Crediwatch picks up data from 25,000 different points, which is the highest in the industry from already existing information in the regulatory framework, whereas a bank only looks up 200 data points while considering the decision for a loan. Thus, this scale is what sets Crediwatch apart from the crowd. The intelligence can further be deployed for risk management and analysis, due diligence and in future can be used for providing ‘Trust Score’ for SMEs who are new to credit.
When will you launch Trust Score? What size of SMEs would be able to use the service? How will Trust Score work?
Trust Score is in the product pipeline for H2 2020 and can be used by businesses of all sizes. Large corporates typically will use it for onboarding vendors/suppliers and performing due diligence. Mid-sized companies and SMEs will use it to decide credit cycles for their suppliers and manage their working capital efficiently. The low cost and scalable commercial model will allow firms of all sizes to subscribe to Trust Score.
Using the plethora of financial, non-financial and alternate datasets of a business, Crediwatch aims to build a single score – similar to a Credit Bureau score for an individual – which will provide an assessment of the creditworthiness of the entity. The score can also be monitored to assess the change in the risk profile of the business. I will be able to share more details after the product is launched.
How important is credit and risk assessment in the present scenario of uncertainty, and as an ease-of-doing-business parameter?
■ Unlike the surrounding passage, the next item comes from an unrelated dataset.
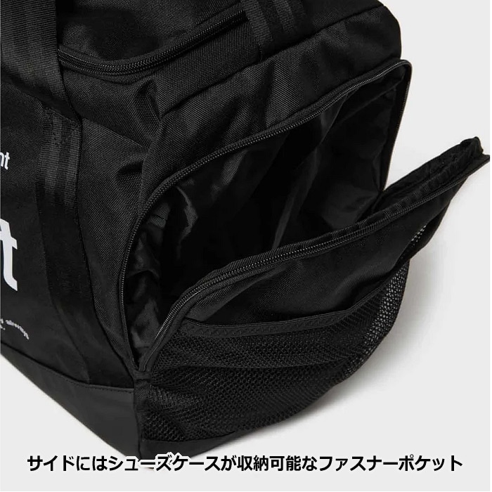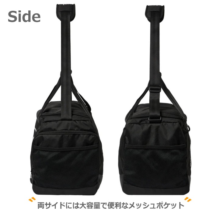サイドにはシューズケースが収納可能なファスナーポケットが、両サイドには大容量で便利なメッシュポケットがあり、充実の収納力です。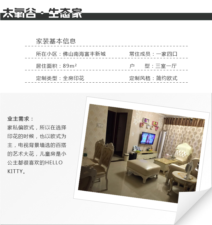 但因為只看過太氧谷硅藻泥一家,也是第一次了解硅藻泥,正常人的心態(tài)都會想多對比一番。張先生和太太大概下午2點多從太氧谷店走出去,轉(zhuǎn)了一圈周圍的門店,看過硅藻泥大大小小的數(shù)個品牌,最后在5點左右又折返回來太氧谷,當(dāng)即就下定簽了合同,挑好花型、算好材料,當(dāng)天就敲定了施工日期,過程順暢、一氣呵成! 為什么最終還是選擇了太氧谷硅藻泥?張先生在陳述理由時流露出商人在對比權(quán)衡時特有的智慧與閱歷,他說價格上太氧谷并不是最有優(yōu)勢的,但是綜合花型、品質(zhì)、和服務(wù),太氧谷的好就立馬凸顯出來了!花型獨特,品質(zhì)更細膩柔滑、服務(wù)上更是無可挑剔,很多小細節(jié)都體現(xiàn)了用心、細致,并且真正在為顧客考慮和著想。另外他強調(diào),了解到硅藻泥是需要手工施工上墻的產(chǎn)品,所以產(chǎn)品品質(zhì)、團隊的嚴謹用心還有專業(yè)態(tài)度是他最為看重的,而這一點,只有太氧谷是經(jīng)過他的觀察和考核滿分通過的!張先生說他向來對自己的判斷非常自信,把自己的家交給太氧谷這個專業(yè)團隊,他很放心! 客戶的放心就是最大的肯定,最后做出來的成品,也不負張先生所望,甚至超出他的期待。歐式的印花搭配精挑細選的歐式家具,整體和諧,自然與優(yōu)雅融為一體,兒童房的hello Kitty,小寶貝更是喜歡得不得了!

Our country has more than 50 million (5 crores) SMEs who have been facing a liquidity crunch even before the COVID-19 pandemic. Out of these, only 15% have access to formal credit due to the trust deficit that exists, and their lack of collateral. We believe the situation will worsen in the present scenario. While the government may relax certain ease-of-doing-business guidelines, we do not expect lenders to start funding a business on the back of fears of higher NPAs. The credit assessment processes would need to accommodate short-term and long-term changes that are expected in the business models of various industries, even as the situations improve.